The continuous global shortage of semiconductor chips continues to have an impact on the output of South Korean automaker Kia Motors Corp., which recorded a fall in sales of 212,819 vehicles, or about 6 percent, year over year, according to The Korea Herald citing Yonhap.
Why is there a Kia shortage?
Due to a number of causes, including a lack of semiconductors, the Russian invasion of Ukraine, which created fresh supply issues with wire harnesses, and plant closures in China due to a new COVID-19 epidemic, Hyundai and Kia had amassed a combined backlog of 1 million vehicle orders.

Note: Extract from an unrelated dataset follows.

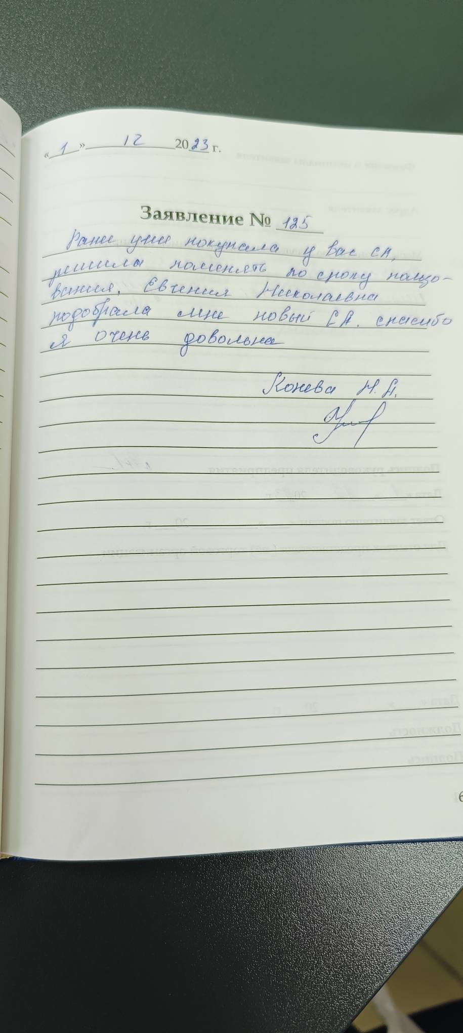 Раннее уже покупала у вас СА, решила поменять по сроку пользования, Евгения Николаевна подобрала мне новый СА. Спасибо я очень довольна.

According to The Korea Times, which cites industry officials, Kia and Hyundai had a backorder of just 100,000 cars at the beginning of 2021, but by March 2022, that figure had risen to over 500,000. The brand’s target of selling 7.47 million cars this year will be significantly hampered by the delay. The backorder accounts for 15% of 2021 sales for both Kia and Hyundai, which reached 6.66 million vehicles.
Only 82 percent of Kia’s Korean production was running at full capacity in March, resulting in a 26,000 vehicle shortfall. Semiconductors caused the failure of 19,000 of those vehicles, and a deficiency in wiring harnesses was to blame for the remaining 7,000. Manufacturing failures of 14,000 automobiles were also experienced in American, Mexican, Slovakian, and Indian factories.
Do all autos suffer from the chip shortage?
Aside from the terrible human cost, COVID-19 has fundamentally altered every aspect of life, from travel and education to employment. The epidemic has also had a disproportionately negative impact on the automobile sector, seriously impeding vehicle production and clogging up supply lines all around the world. However, the continuous chip shortagewhich is still a major issue two years after the coronavirus spread over the worldmay be what has crippled automakers the most.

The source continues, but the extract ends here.